When she’d gone it had been as if he’d been given his life back. Opportunities to do his own thing for a change had presented themselves and he was out to guard them like precious gold.

Patrice always rang him on a Monday evening and until she did he was always on edge in case she was having second thoughts about her impulsive move abroad and wanted to come home. So far there had been no mention of any such thing, she and the children sounded happy enough in their new surroundings, but so stressful had been the eighteen months when he’d given up every spare moment to them he still couldn’t believe that it was actually over and she had found some degree of happiness at last.

He’d thought it was going to be her when Ruby had phoned. Had let his tension loose on her and was now regretting it, so when he opened the door to her he was smiling.

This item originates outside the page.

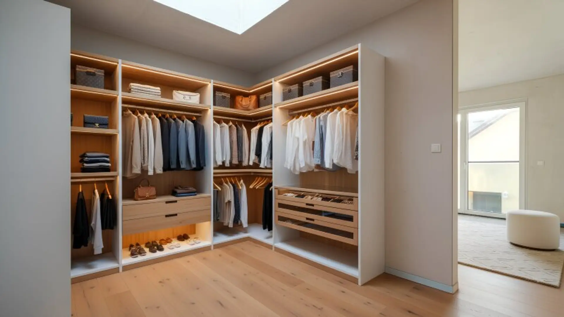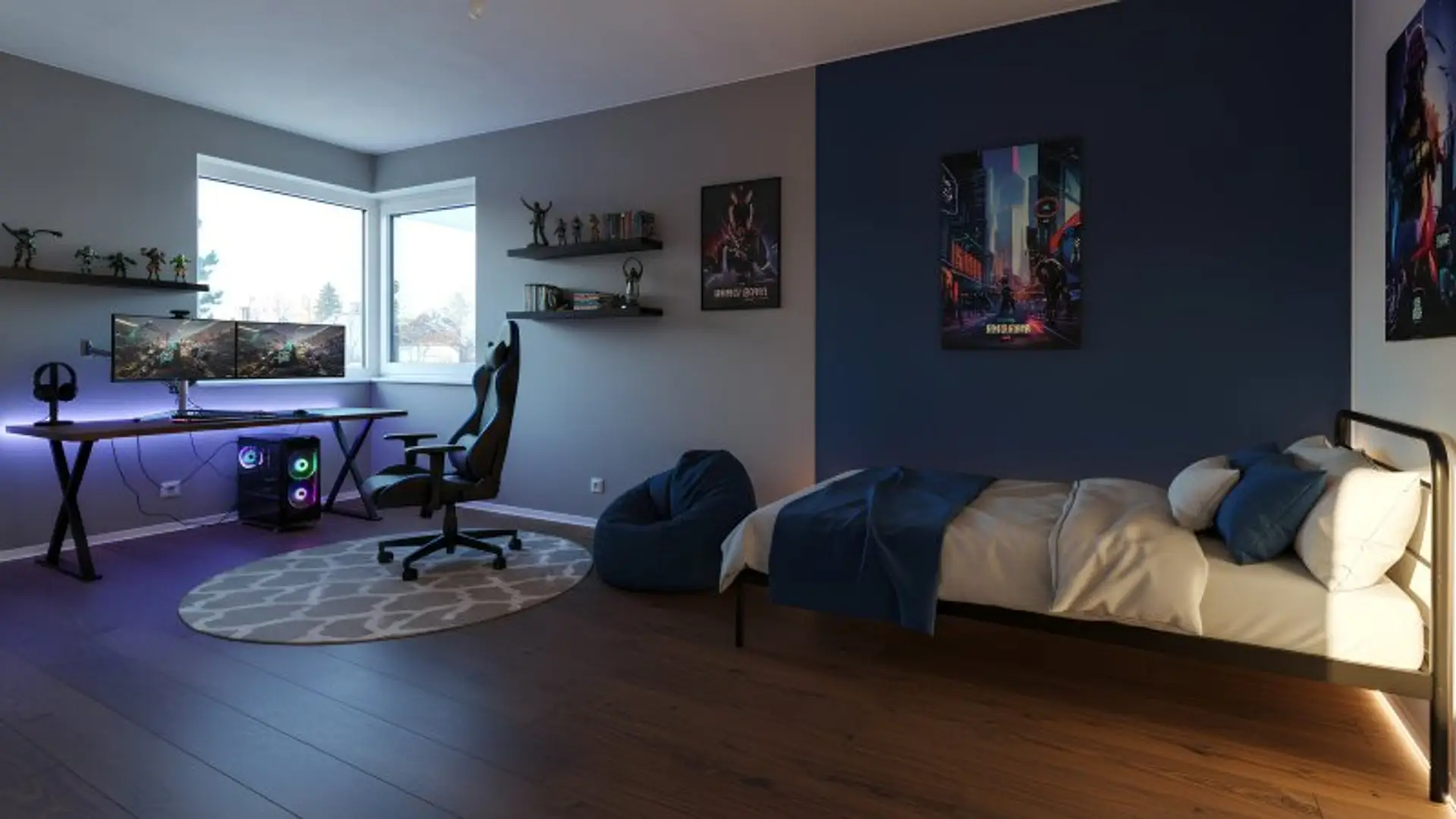 Beim Betreten des Hauses befindet sich rechterhand ein Garderobenbereich, am Ende davon ein WC mit Handwaschbecken. Linkerhand liegt das erste Zimmer, das sich ideal als Homeoffice oder Gästezimmer eignet. Ebenfalls auf dieser Seite befindet sich der Technikraum, in dem die hochwertige Haustechnik untergebracht ist. Unter der Treppe wurde zudem ein praktischer Abstellraum eingeplant.
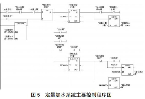 定量加水系統(tǒng)的工作過程為:當(dāng)設(shè)定好加水量后,啟動系統(tǒng),多級離心泵 10、回流閥 4、出水閥 9 和流量計前閥 12開啟對管路進(jìn)行預(yù)填充;延時 30s 預(yù)填充完成后,回流閥 4關(guān)閉,調(diào)制罐補水閥 14 開啟,同時質(zhì)量流量計 13 開始計量;當(dāng)質(zhì)量流量計的累積量與設(shè)定加水量一致時,出水閥 9 和調(diào)制罐補水閥 14 關(guān)閉;調(diào)制罐定量加水完成后,開啟回收閥17 和回流閥 4 以及同未關(guān)閉流量計前閥 12 一起,利用壓縮空氣對管道中水實現(xiàn)回收;延時 30s 水回收完成后,關(guān)閉多級離心泵、球閥 4、12 和 17,定量加水過程完成。定量加水系統(tǒng)主要控制程序如圖 5 所示。

Stepping back to let her in, he said, ‘My sister usually rings from Canada at this time on a Monday evening, so I hope you will excuse me if I have to break into our discussion to answer the call. I am always on edge until I know that all is well with her—you know how it can be, a new life in a new land.’

‘Yes, of course,’ she replied, and thought she would bear in mind that Monday evenings were not a good time to ring her prospective landlord.

He was leading her through to the sitting room and pointing to the sofa for her to be seated and the memory of Saturday night came back, with her drooping like a rag doll against its soft cushions after a dreadful day.

Hugo had been right when he’d said that the rental arrangements wouldn’t take long. In no time at all they had completed the paperwork needed for Ruby to rent the apartment for the next six months, to begin with at a very reasonable figure.

When she expressed her gratitude he said with none of the abruptness of earlier, ‘I thought you might have to pay off a student loan, and it is worth it to me that someone I already know will be living there, instead of an array of strangers.’

‘I do have a loan to pay off,’ she told him. ‘My parents are helping me with it, yet it is still my responsibility, so thanks for the thought, Dr Lawrence.’

He nodded and asked with casual curiosity, ‘Where is your family situated?’

‘In Tyneside. We used to live here in Swallowbrook but had to move because of my father’s job, yet I have always wanted to come back.’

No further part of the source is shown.